I also began teaching, because I needed money. Greg Bear put me in touch with a guy called William Rupp, a young teacher. He wanted to run a course for high school kids with my help. We planned the course, but it fell through. But I had the whole course outlined, so I raised it up one notch to college level. There was one guy there who was taking it for graduate credit. I was doing a graduate credit course, and I’d never been to college at all! That tells you a lot about college education in the United States.
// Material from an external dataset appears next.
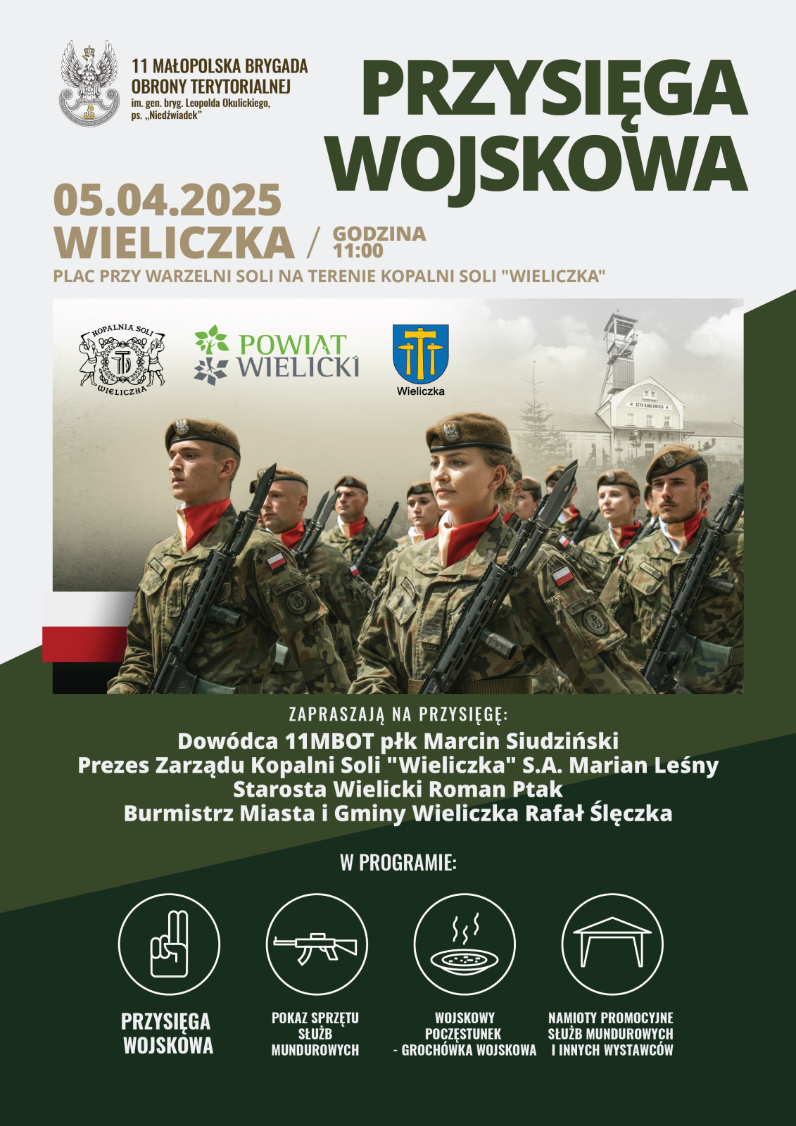 Uroczystość 5 kwietnia, po raz pierwszy odbędzie się na terenie Kopalni Soli „Wieliczka”. Na przysięgę zapraszają: Dowódca 11 Małopolskiej Brygady Obrony Terytorialnej płk Marcin Siudziński, Prezes Zarządu Kopalni Soli „Wieliczka” S.A. Marian Leśny, Starosta Wielicki Roman Ptak oraz Burmistrz Miasta i Gminy Wieliczka Rafał Ślęczka.
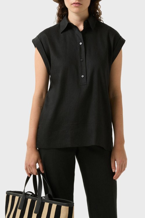 Детали: Женская черная блуза из льна и вискозы Rosalie от Bogner (Богнер). Отложной воротник, застежка на пуговицы, короткий рукав, свободный фасон, классическая длина

The students in my class were all high school teachers, so they all had a higher degree of some kind. And if you’re going to have a course, you have to have a definition of it. To get over that one, I got them to come up with their own definitions. I gave them a book to read every week and they complained—a book a week? I said, “Yes, this is not philosophy, this is science fiction. Kids read it because they want to read it.” So in the very first week I gave them The Time Machine—I figured anyone can read that, it’s fifty thousand words. That was the first one, to drag them into reading it, and the second one was Galactic Patrol by “Doc” Smith. I figured that was what they really needed, a good dose of what science fiction is! The guys read it all the way through, and the women screamed and hated it and didn’t read it. We came to the conclusion, after a lot of discussion, that the readers of “Doc” Smith were all prepubescent little boys, and not only that, but the Gray Lensman was also a prepubescent little boy—you take down his zipper and it’s smooth, there’s nothing underneath it at all! E. E. Smith had a PhD—he worked as a chemist in a donut factory. He was a fat guy with big daughters—I’d met them at conventions in the Midwest—he was a nice guy too.
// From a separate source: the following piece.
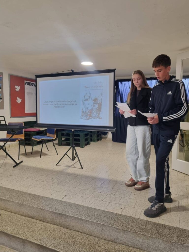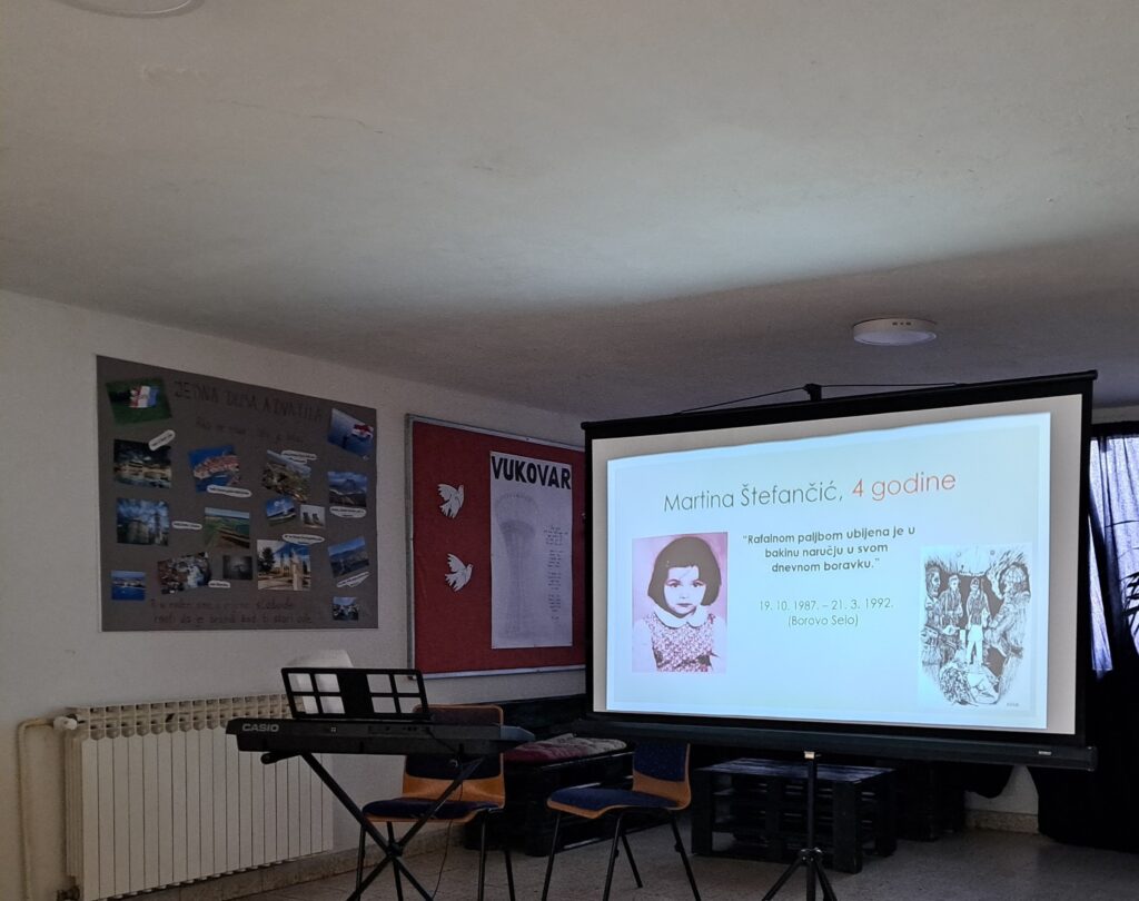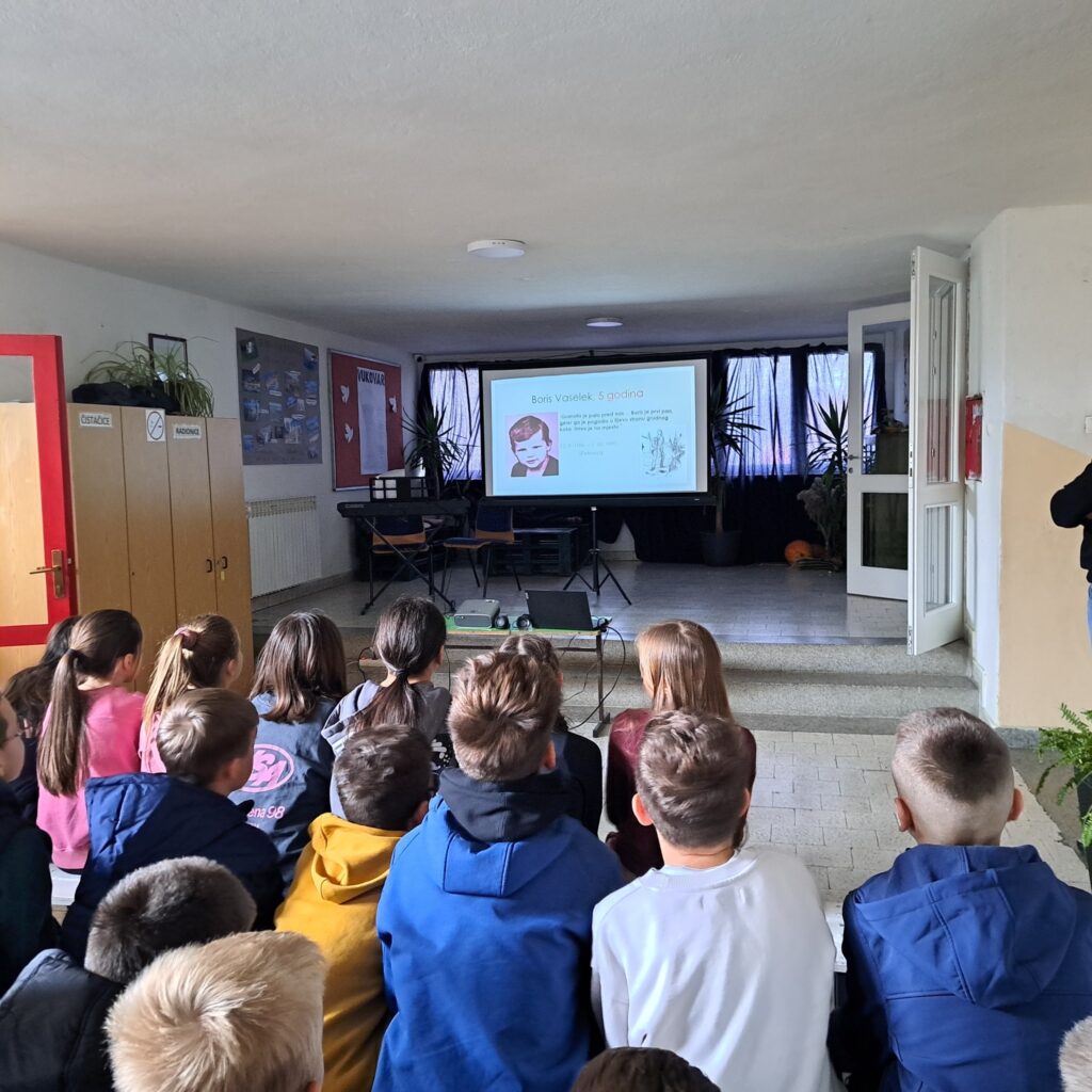 Obilježavajući Dan sjećanja na žrtve Domovinskog rata i Dan sjećanja na žrtvu Vukovara i Škabrnje pogledali smo film “Pet minuta za Vukovar” te razgovarali o povijesnim činjenicama. Kroz ppt “Prekinuto djetinjstvo”, na temu stradanja vukovarske djece, vodili su nas učenici devetog razreda Ivana Pavković i Branko Mihalj. Naše osmašice su cijeli događaj obogatile izvedbom domoljubnih pjesama.

I had authors come in to give talks to my class—I grabbed anyone who came through town. Philip José Farmer, James Gunn, Willis McNelly, and Fritz Leiber used to stay with me when he was down there. These were old friends coming through town who needed a bed for the night, and I made sure I got a lecture out of them. In those days they were all half bust—instead of going to a motel, you’d grab a friend’s house, and you’d get free drinks that way as well! Greg Bear monitored the whole class. He kept saying he would pay; he never paid! I nudge him every once in a while, Greg do you remember…? It wasn’t that much—twenty or thirty bucks, I don’t remember. I made him work for his money. One of the books in there was Odd John by Olaf Stapledon, and Greg is a great Stapledon fan, so I had him give a lecture on Stapledon.
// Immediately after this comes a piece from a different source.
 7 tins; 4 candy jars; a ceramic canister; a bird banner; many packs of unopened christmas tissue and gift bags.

I couldn’t offer the course for college credit until I had one guy, an engineer, who wanted to be a writer. He thought you had to go to college and get a degree to become a writer. Every week he’d come to class and he had a short story. It wasn’t too bad. He gave me the short story to read, and I’d take it home and read it, and return it the next week corrected and he’d take it away and work on it, and after about five weeks he had the final copy. I said, “Why don’t you send this to Damon Knight? It’s the kind of thing he likes. I wouldn’t buy it myself, I don’t buy that kind of story.” Damon bought the story. And the guy almost quit the class! He said, “I came here to learn to write, and now I’m a writer!” I said don’t go, don’t go. I made him stick around to get college credit. That’s how we got a credit course.
The final examination was a party at my house and anyone who attended—and survived—passed with 100 percent. I think I did the course twice at least, maybe even three times. It’s a lot of trouble getting a course together, but it’s easier to repeat it.
* * *
There was a circle of young writers—neo-science fiction writers—learning in the “Harrison school of writing.” There were two or three who had sold stories. There was a magazine being published out of an address where they were all living, in the Bay Area. There was one guy, Bruce McAllister—I put one of his stories in the Year’s Best, and it was his first story. He lived in the Bay Area, and he sent me a letter saying he wanted to come round and see me. So I said sure, come on round, and he came with his mother and his father, who was an admiral. The next time he came without his parents. He ended up doing editing for me, on the Year’s Best. He asked me how to do it. I simply said, “You read the stories as they come out in the magazine and you read the first ten words, and if you say ‘This is shit,’ then you turn it down and move on. We’re looking for the best. You’ll find out when you read these magazines that the editors have a very different idea of what makes a good story than I have, or Brian.” Bruce had never read all of the magazines before, but he soon realized that so much of it was shit.… He was my first reader, and I really needed him.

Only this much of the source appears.